Oh man, I also could have totally written this. My husband and I have been married 10 years now, and I've always been completely respectful, but I worry that one day I'm totally going to snap. For instance, last week, we took the kids there to see her and DH and I left and had lunch. And after we picked them up and as we were leaving, she said, "I don't see the kids enough, I need to come see them at your house." And then I think she realized how ridiculous she sounded telling us this right after she visited with the grandkids, so to correct herself, she said "that way, at your house, I can also see your dog." I had to bite my tongue. The real truth, as deciphered through my astute daughter-in-law filter, is that she probably wasn't happy that we dropped them off for a visit. She wanted us (I.e. Her son) to stay so that she could see HER baby - my husband. She knows that at our house, we can't leave and have lunch.

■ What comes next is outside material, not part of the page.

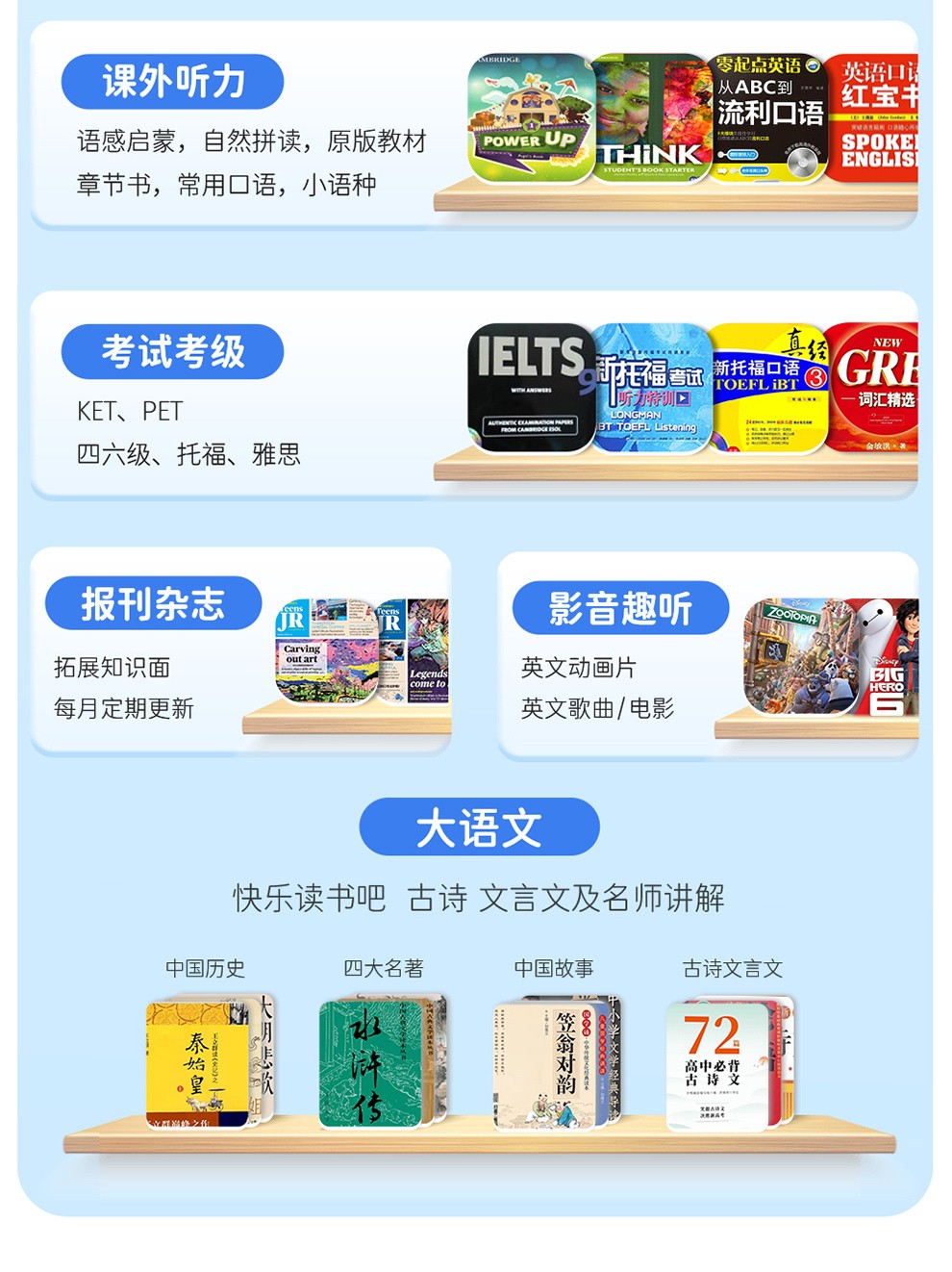 🌈2、从没用过听力机的,今年新课改,英语难度升级了很多,孩子基础不好的,强烈推荐入一个,给孩子做好课内复习预习,打好课内基础不丢分,不用担心小学分流!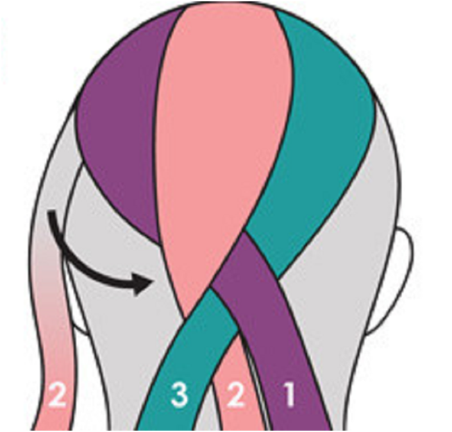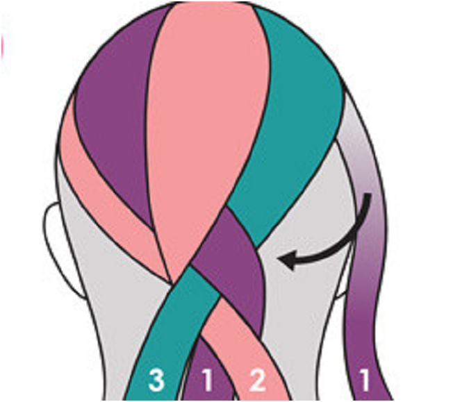 Теперь вторую прядь подводим под третью и выводим ее наружу между первой и третьей прядями. Ко второй пряди добавляется часть волос с левой стороны головы. Таким образом приплетаются боковые волосы.

Or, seen from the other perspective, you used her for free babysitting and she didn't spend any time with the two of you.

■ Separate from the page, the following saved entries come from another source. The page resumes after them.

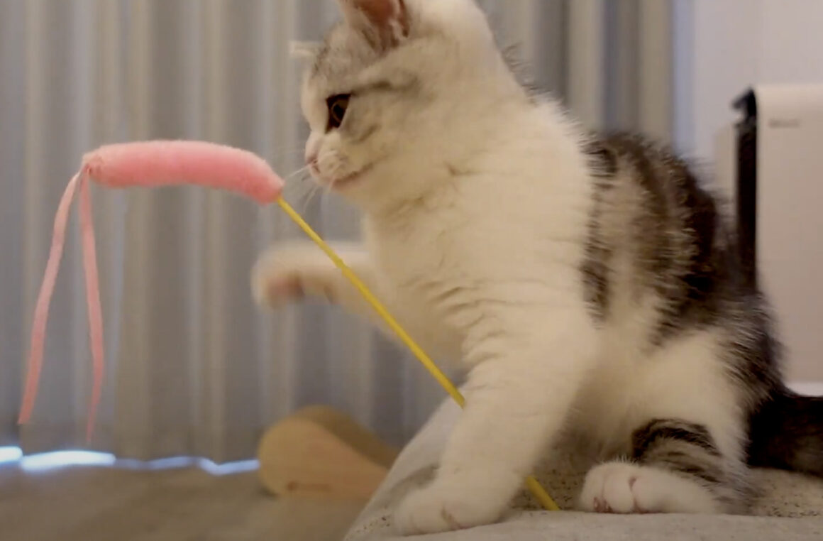 ひとりで遊べるかな?「セルフ猫じゃらし」ではしゃぐ子猫。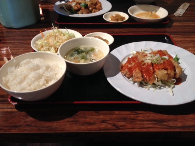 つれは油淋鶏 このソースが辛くて からいのが得意でないとちょっと無理なくらいからかったです、、、、 よそで食べた油淋鶏はからくなかったのでちょっとびっくりでした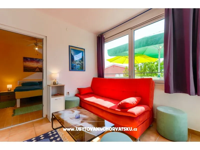 App.1(4+2) za 6 osoba, nalazi se blizu mora i plaže s pijeskom i šljunkom (ca. 120-130m), u obiteljskoj kući (u objektu (CARPE DIEM) na mirnom i sunčanom položaju! Parking se nalazi ispred objekta.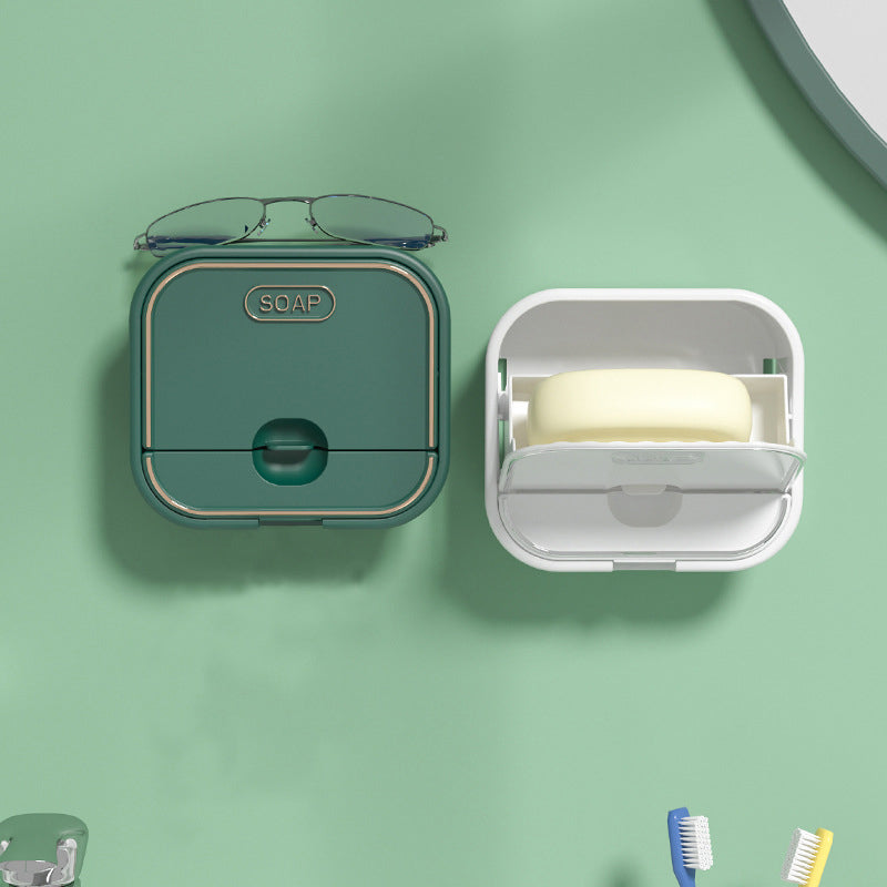 Non Perforated Wall Mounted Soap Storage Rack With Double Layer Drainage Flip Cover For Toilet Storage Household Soap Box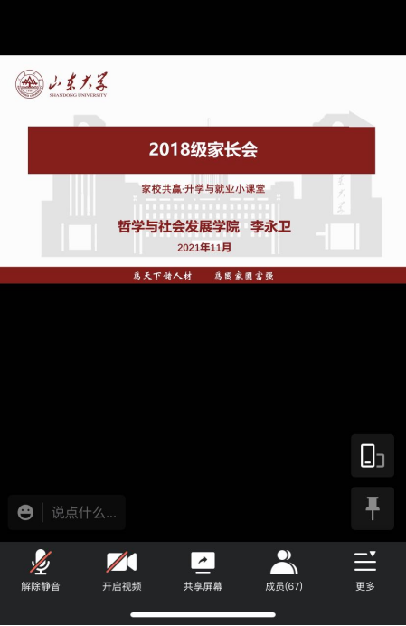 家长会的主题为:家校共赢——升学与就业小课堂。李永卫从历年来学院本科生就业升学状况、2018级本科生目前状态、目前遇到的问题以及给家长朋友们的建议四个方面展开,为家长详细介绍了有关毕业生的情况,并提供了详实的建议。家长会结束后,辅导员封莹针对家长的问题进行了答疑,与家长进行了交流。

Anonymous wrote:Anonymous wrote:I could actually speak my mind and say No 80% of the time, instead of saying yes 99% to be respectful. She is domineering, does not take no for an answer, her outdated and often ignorant and undereducated and closeminded ways are right in all matters. It drives me nuts.
Oh man, I also could have totally written this. My husband and I have been married 10 years now, and I've always been completely respectful, but I worry that one day I'm totally going to snap. For instance, last week, we took the kids there to see her and DH and I left and had lunch. And after we picked them up and as we were leaving, she said, "I don't see the kids enough, I need to come see them at your house." And then I think she realized how ridiculous she sounded telling us this right after she visited with the grandkids, so to correct herself, she said "that way, at your house, I can also see your dog." I had to bite my tongue. The real truth, as deciphered through my astute daughter-in-law filter, is that she probably wasn't happy that we dropped them off for a visit. She wanted us (I.e. Her son) to stay so that she could see HER baby - my husband. She knows that at our house, we can't leave and have lunch.

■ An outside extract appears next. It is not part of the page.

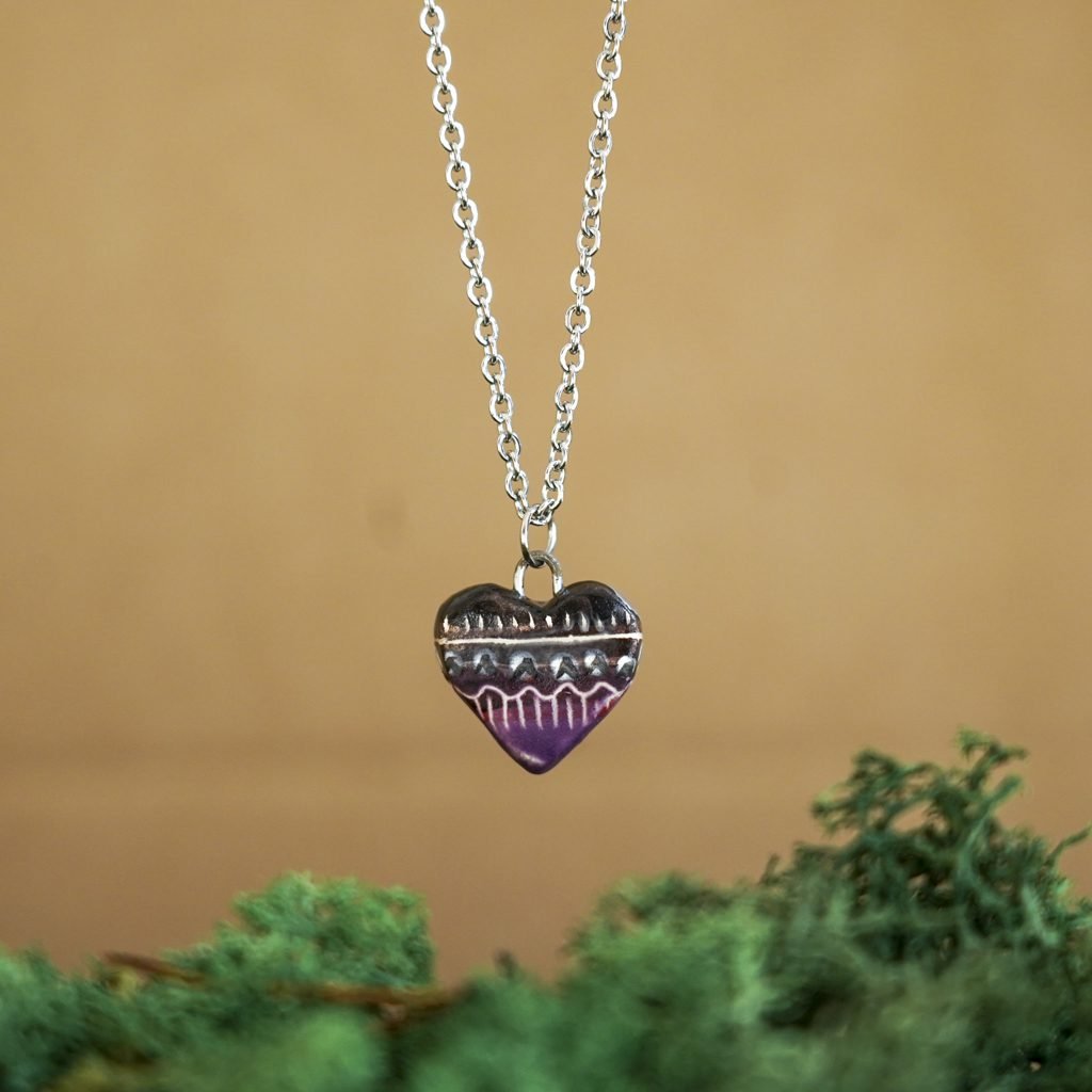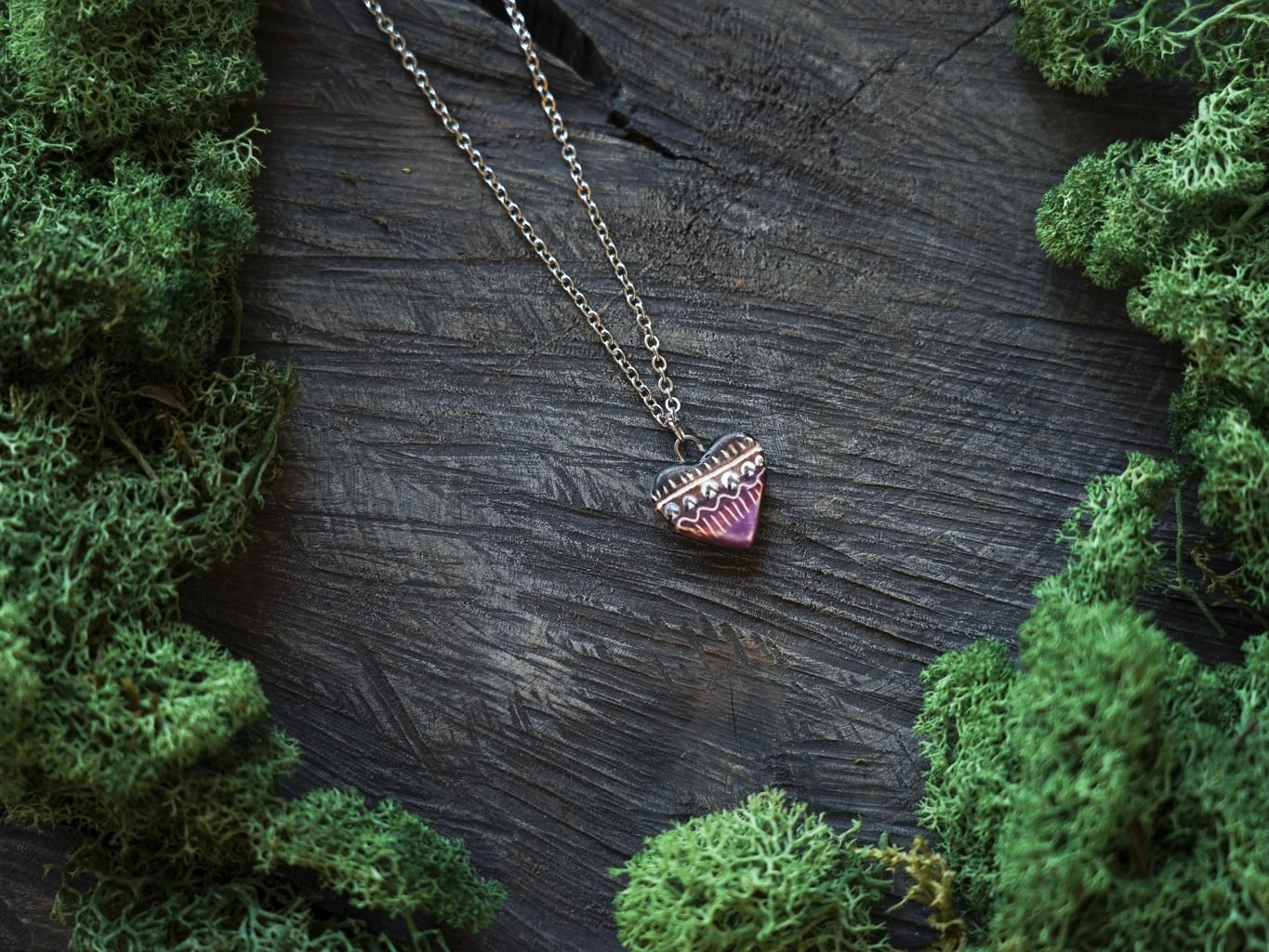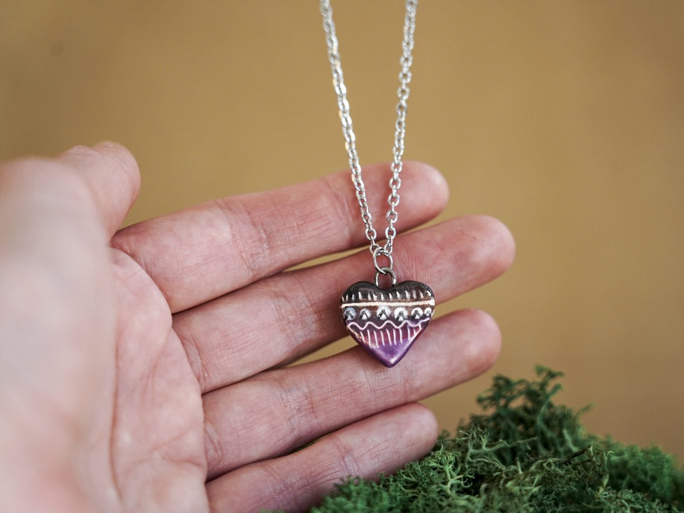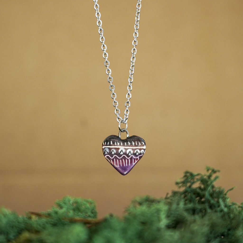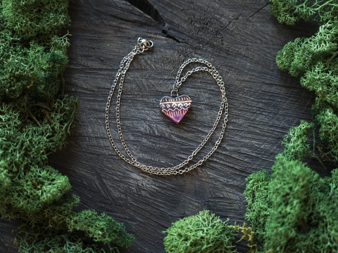 Papuošalai pagaminti iš keramikos. Iš balto molio nulipdytos formos išdegamos 1000 laipsnių temperatūroje, tada išpaišomos rankomis, padengiamos bespalve glazūra ir išdegamos antrąkart.

Anonymous wrote:I could actually speak my mind and say No 80% of the time, instead of saying yes 99% to be respectful. She is domineering, does not take no for an answer, her outdated and often ignorant and undereducated and closeminded ways are right in all matters. It drives me nuts.
Anonymous wrote:Mine isn't from another country, but I'm not a full fledged equal adult because I'm 20+ years younger than she is. That automatically means I'm not as capable as she is, at almost anything.